# Prompt
For the material below, reproduce exactly each line from the one that has "10K Yellow Gold" through the one that has "Record. | |||||", and no others; pictures stay out.

# Supplied information
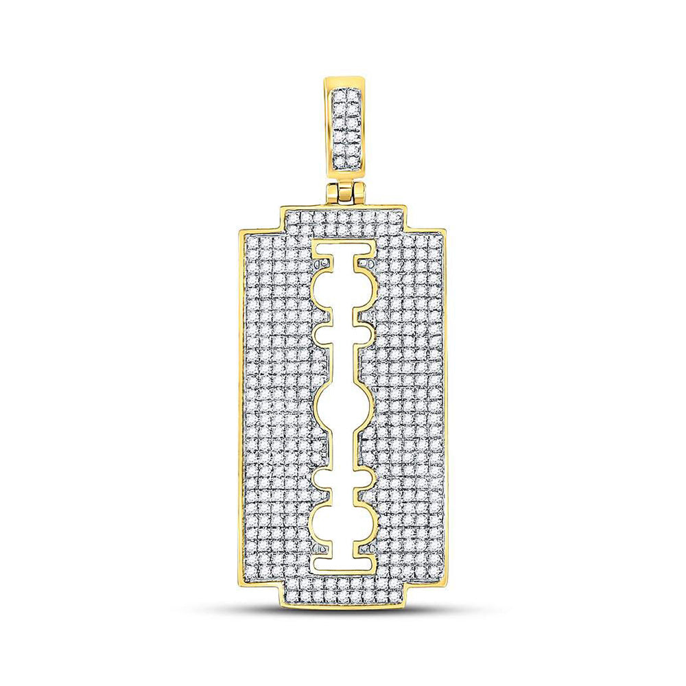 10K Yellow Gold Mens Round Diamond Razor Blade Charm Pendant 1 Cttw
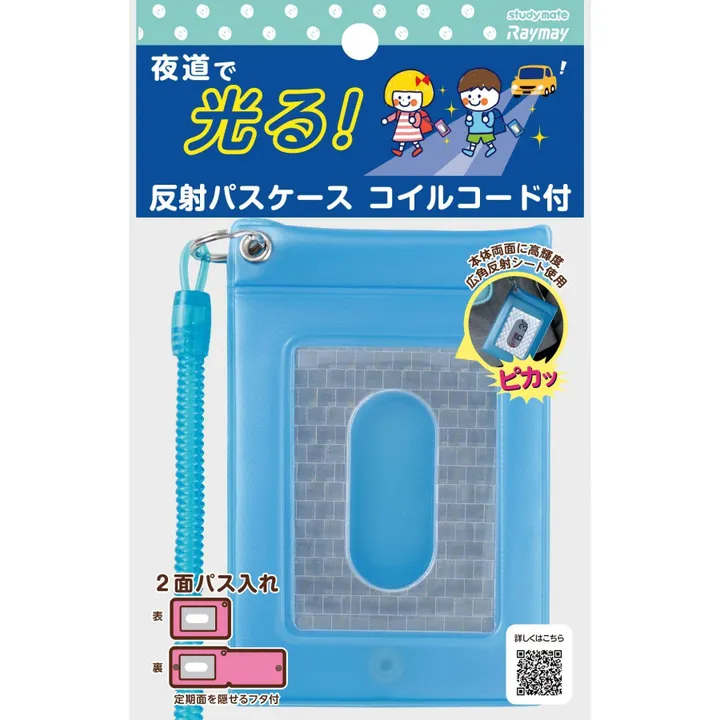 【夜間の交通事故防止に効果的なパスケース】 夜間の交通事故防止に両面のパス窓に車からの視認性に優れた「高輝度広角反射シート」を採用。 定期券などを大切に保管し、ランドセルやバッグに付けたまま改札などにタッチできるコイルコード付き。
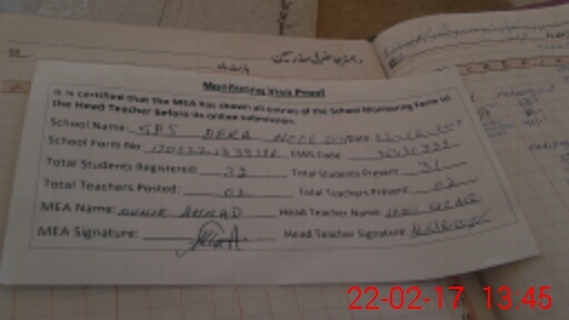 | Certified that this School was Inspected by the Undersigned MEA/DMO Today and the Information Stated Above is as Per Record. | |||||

* * *

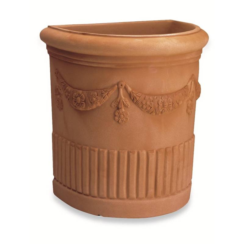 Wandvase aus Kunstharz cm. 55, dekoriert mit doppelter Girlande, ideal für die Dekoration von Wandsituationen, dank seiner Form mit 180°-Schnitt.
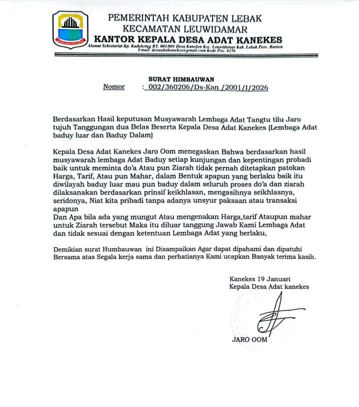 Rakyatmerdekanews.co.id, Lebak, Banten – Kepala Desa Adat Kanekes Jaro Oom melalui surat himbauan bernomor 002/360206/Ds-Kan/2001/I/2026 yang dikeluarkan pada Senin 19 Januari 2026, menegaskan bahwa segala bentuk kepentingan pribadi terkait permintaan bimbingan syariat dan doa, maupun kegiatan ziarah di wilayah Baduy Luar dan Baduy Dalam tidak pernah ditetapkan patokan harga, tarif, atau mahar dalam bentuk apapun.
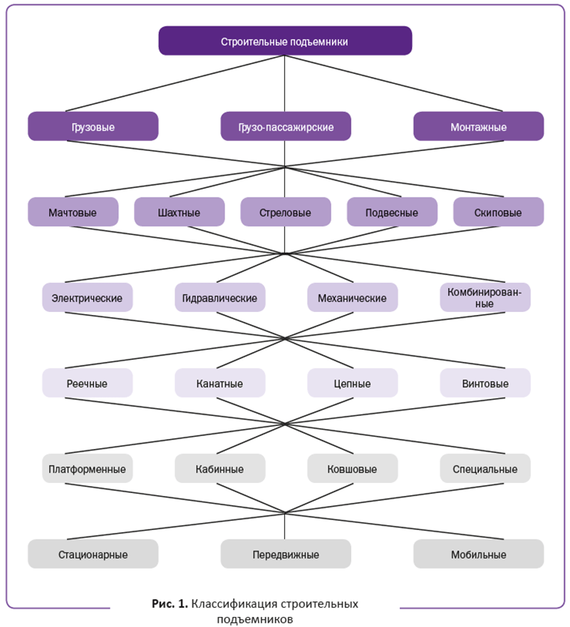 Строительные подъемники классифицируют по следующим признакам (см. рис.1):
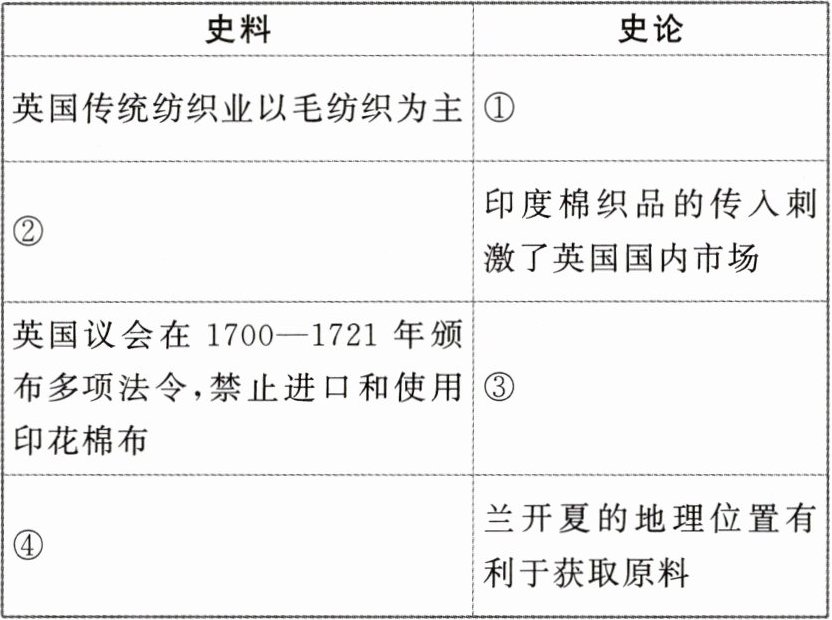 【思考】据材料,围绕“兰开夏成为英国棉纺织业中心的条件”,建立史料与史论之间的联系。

# Written answer
 10K Yellow Gold Mens Round Diamond Razor Blade Charm Pendant 1 Cttw
 【夜間の交通事故防止に効果的なパスケース】 夜間の交通事故防止に両面のパス窓に車からの視認性に優れた「高輝度広角反射シート」を採用。 定期券などを大切に保管し、ランドセルやバッグに付けたまま改札などにタッチできるコイルコード付き。
 | Certified that this School was Inspected by the Undersigned MEA/DMO Today and the Information Stated Above is as Per Record. | |||||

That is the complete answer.